Jane babalığına itiraz etmeye çalıştı. “Dört oğlun var, onlardan biri senden ayrılırsa ne hissedersin?”
Mast, R.’yi daha önce de kaybettiğini açıklayarak, “Nasıl hissettirdiğini tam olarak biliyorum,” diye yanıtladı. “Bu yüzden sana karşı merhametliyim.”
Do, Palmyra’da Joshua ve Stephanie’nin R için “küçük bir eve hoş geldin partisi” düzenlediğini bilmiyordu. Elde ettiğim bir fotoğrafta, o Joshua’nın kollarında, büyük bir çikolatalı kekin önünde. Stephanie onlara sarılır, oğulları tarafından çevrilidir.
Jane yemeyi ve içmeyi bıraktı. Uyuduğunda, çocuğu tekrar kucaklayacakmış gibi, R.’nin kıyafetlerini üstüne koydu. Yine de çoğu gece koridorlarının sonundaki merdiven boşluğunda oturuyordu. Bana iki kez, kendini merdivenlerden aşağı atmayı düşündüğünü söyledi. Don, yardım için birbiri ardına bir kuruma yalvardı. Dışişleri Bakanlığı için çalışan üsteki bir kişiye yaklaştılar. Hikayelerini duyduğunda gözyaşlarına boğulduğunu hatırladılar, ancak konuyu inceledikten sonra hiçbir şey yapamayacağını söyledi.
Bir gün Jane odalarını temizlerken Mast’ın yanlışlıkla John’la Dulles’da bıraktığı siyah çantaya rastladı. İçinde anlayamadığı metin sayfaları vardı. Bir sonraki tıbbi randevularında Do, belgelerden birini oradaki personele gösterdi. Evlat edinme kararının bir kopyasıydı ve bir tercüman çifte bunun ne anlama geldiğini açıkladı. John ve Jane, Mast’ın ABD yasalarına göre R.’nin babası olduğunu, bunu yaptıktan neredeyse bir yıl sonra ilk kez anladılar. Personel, gazetelerin fotoğraflarını çeken yetkililere haber verdi.
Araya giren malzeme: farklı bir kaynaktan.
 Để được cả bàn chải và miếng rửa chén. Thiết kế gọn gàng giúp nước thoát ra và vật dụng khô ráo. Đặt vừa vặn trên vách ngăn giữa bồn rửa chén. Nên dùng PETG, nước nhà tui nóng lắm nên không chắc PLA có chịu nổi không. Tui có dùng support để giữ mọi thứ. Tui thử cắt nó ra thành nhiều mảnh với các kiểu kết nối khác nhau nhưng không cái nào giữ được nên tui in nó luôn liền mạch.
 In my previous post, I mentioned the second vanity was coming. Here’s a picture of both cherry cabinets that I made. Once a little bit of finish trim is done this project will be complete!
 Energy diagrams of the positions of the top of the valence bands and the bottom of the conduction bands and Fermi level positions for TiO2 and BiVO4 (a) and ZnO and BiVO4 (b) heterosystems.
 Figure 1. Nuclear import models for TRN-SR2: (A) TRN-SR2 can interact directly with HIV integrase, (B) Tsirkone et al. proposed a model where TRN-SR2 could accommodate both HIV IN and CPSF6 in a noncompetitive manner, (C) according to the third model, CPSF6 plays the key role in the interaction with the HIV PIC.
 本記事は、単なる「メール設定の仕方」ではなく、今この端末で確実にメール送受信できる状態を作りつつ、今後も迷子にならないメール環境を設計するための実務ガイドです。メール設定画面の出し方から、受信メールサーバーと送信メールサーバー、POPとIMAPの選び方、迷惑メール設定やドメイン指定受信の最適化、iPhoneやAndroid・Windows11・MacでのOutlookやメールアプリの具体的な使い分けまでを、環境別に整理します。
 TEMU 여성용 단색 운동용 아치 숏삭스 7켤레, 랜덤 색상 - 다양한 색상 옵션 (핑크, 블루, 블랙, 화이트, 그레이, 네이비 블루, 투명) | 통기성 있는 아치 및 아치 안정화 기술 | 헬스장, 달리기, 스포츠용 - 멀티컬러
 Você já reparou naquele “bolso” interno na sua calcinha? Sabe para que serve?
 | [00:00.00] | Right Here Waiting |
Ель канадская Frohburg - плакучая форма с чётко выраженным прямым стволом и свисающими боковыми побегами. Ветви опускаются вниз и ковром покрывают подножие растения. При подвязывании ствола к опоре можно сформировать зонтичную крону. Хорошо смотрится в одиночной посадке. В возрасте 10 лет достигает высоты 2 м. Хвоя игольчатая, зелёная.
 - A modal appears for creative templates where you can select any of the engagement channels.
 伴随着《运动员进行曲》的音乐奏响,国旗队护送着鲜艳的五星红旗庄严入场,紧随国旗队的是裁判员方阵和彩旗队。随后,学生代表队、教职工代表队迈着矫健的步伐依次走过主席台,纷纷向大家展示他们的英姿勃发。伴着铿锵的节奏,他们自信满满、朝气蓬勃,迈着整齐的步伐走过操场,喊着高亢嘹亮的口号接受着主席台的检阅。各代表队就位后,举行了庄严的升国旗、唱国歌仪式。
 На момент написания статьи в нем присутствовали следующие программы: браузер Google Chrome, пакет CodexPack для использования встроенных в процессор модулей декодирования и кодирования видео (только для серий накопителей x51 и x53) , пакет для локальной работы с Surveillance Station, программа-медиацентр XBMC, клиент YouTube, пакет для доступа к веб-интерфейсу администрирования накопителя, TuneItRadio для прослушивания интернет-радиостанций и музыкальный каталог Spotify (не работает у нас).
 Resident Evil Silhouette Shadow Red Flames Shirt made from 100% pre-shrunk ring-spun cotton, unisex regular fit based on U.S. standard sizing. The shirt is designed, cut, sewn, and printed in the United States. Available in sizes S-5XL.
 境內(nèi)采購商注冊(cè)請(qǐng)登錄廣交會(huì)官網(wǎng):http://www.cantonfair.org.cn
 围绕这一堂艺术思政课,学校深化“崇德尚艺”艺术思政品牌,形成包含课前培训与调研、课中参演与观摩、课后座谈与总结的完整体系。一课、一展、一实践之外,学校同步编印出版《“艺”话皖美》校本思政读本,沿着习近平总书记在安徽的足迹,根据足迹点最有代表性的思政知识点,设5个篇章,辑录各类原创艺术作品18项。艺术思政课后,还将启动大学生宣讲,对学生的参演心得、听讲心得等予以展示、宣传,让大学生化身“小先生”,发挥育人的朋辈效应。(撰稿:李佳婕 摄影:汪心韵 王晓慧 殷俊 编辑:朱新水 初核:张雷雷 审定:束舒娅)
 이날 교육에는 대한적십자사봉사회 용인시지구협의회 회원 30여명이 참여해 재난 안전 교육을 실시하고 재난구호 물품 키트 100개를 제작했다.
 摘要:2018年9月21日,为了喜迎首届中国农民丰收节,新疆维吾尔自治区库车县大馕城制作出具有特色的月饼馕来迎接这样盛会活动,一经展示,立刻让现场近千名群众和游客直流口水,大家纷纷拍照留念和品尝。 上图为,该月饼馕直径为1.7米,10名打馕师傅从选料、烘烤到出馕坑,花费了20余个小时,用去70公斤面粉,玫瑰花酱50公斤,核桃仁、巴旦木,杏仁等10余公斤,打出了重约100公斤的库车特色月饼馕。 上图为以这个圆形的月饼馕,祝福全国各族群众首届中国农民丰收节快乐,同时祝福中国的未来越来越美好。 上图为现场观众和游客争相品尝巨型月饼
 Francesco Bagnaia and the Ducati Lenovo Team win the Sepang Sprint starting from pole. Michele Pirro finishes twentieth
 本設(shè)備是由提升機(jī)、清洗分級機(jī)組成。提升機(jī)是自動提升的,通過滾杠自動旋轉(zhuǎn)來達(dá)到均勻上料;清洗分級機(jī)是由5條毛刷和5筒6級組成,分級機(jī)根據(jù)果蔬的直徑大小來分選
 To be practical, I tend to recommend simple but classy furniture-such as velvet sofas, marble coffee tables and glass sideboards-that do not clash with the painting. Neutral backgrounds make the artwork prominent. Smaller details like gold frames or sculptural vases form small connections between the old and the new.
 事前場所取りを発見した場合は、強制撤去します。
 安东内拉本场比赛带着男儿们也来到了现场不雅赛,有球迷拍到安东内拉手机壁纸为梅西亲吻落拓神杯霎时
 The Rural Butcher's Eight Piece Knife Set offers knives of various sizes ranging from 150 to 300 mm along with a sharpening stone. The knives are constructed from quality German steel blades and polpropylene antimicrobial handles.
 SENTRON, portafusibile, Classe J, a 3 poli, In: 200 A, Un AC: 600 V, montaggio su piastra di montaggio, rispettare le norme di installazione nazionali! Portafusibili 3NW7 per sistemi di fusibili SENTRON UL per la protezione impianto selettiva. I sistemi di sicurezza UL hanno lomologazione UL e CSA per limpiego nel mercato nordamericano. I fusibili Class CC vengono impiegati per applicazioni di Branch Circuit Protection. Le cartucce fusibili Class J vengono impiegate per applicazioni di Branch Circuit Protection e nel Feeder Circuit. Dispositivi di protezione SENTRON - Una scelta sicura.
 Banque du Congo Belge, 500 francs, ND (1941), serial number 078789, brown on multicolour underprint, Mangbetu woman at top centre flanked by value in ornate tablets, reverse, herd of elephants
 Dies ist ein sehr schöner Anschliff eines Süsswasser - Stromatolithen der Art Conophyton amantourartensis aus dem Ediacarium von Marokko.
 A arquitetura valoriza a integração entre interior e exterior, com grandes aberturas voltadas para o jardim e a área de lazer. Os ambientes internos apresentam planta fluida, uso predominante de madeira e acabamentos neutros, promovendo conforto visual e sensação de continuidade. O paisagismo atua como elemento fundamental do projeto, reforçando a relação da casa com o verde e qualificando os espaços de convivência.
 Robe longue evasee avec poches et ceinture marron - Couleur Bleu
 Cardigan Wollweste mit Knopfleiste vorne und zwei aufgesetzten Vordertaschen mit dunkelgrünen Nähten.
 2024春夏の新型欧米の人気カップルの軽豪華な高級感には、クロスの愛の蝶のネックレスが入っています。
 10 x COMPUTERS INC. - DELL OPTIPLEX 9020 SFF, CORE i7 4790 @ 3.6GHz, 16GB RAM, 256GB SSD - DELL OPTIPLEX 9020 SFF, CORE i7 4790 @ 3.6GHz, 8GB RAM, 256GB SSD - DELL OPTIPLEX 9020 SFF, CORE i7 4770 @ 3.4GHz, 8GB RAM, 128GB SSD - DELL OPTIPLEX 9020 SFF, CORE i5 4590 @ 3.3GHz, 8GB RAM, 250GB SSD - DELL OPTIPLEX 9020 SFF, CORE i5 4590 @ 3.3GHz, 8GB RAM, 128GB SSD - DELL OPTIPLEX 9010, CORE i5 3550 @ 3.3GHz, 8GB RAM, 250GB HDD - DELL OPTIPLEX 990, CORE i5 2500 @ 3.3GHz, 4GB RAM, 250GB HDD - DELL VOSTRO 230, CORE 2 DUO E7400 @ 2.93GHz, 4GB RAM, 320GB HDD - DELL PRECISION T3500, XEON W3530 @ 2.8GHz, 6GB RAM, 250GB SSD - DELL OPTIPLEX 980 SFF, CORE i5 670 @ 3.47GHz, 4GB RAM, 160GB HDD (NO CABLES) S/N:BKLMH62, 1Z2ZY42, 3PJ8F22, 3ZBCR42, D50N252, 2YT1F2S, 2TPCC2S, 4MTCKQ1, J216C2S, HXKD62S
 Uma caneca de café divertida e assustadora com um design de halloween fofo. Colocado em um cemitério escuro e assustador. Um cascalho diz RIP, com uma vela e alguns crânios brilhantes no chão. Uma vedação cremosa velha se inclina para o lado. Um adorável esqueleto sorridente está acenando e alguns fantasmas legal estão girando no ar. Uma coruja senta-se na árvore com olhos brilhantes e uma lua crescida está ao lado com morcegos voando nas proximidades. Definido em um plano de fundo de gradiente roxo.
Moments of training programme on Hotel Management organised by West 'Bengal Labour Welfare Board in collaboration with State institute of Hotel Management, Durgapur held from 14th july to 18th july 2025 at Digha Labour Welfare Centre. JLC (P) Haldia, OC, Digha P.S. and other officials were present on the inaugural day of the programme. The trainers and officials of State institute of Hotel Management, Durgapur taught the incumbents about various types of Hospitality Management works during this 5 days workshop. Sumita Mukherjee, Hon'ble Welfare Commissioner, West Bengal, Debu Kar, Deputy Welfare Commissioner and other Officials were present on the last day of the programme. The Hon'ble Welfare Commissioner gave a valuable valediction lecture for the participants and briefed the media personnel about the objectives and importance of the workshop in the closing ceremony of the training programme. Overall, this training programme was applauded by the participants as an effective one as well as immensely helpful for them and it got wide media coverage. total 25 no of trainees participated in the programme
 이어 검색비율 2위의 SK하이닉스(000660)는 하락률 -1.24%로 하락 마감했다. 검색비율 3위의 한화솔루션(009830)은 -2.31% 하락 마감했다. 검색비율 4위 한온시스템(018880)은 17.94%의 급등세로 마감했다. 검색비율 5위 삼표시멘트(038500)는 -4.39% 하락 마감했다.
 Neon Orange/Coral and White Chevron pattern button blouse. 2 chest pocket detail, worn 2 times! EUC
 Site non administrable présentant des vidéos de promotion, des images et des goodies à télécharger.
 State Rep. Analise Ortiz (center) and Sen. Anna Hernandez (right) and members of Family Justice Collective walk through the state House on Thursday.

Eylül sonunda, Mast nihayet Fort Pickett’e döndü. Sadece kardeşi Richard’ı getirdi. Direkler Jane ve John’un karşısına oturdu. Çiftin üste tanıştığı ve Direkler geldiğinde odada bulunan Afgan bir arkadaşla konuştum. Bana Joshua’nın, Mu’nun yapacak imkanları olmadığı için R. tıbbi tedavisi göreceğini açıkladığını söyledi. böyle. Onu tedavi etmeyeceksin, dedi Jane. “Onu tutuyorsun.” Çiftin arkadaşı Richard’a döndü. “Eğer onu tedavi edeceksen, o zaman çocuğu serbest bırakacağına dair bize söz ver.” Richard cevap veremeden arkadaşı hatırladı, Joshua Mast ona “Evet” dememesini söyledi.
Jane birkaç gün sonra doğum yaptı. Sağlıklı bir kız çocuğu dünyaya getirdi ve neredeyse hemen ardından Mast’a mesaj atarak haberi anlattı ve R.’yi sadece ziyarete gelse bile getirmesini rica etti. Mast cevap yazdı: “İkiniz için de çok heyecanlıyız! Bebek sahibi olmak hayattaki en iyi deneyimlerden biridir.”
Çok geçmeden, Jane Stephanie Mast’tan ilk ve tek mesajını aldı. “Annelik çok fazla değişiklik getiriyor ve zaman zaman zorlayıcı olabilir” diye yazdı. “Arkadaşın olmayı ve seni desteklemeyi çok isterim.” Jane cevap vermedi.
25 Ekim’de Do, Fort Pickett’teki Amerika Birleşik Devletleri Katolik Piskoposlar Konferansı’nda çalışan ve Afganistan’dan gelenler için bilgilendirme toplantıları düzenlemeye yardım eden avukat Martha Jenkins’e yaklaştı. Jenkins’in amiri de hazır bulundu ve Konferansta, Deniz Piyadeleri ve devlet kurumlarında üst kademelere gitti. Jenkins, sorunun “yoldan aşağı atılmaya devam etti” dedi. “Herkesin sempatisi vardı ama yön yoktu, yapılacak bir şey yoktu.” Birkaç gün sonra Jenkins bana, o ve denetçinin konuyu araştıran birinden yanıt aldıklarını söyledi: “Direkler gerçekten üslerini kapladı.”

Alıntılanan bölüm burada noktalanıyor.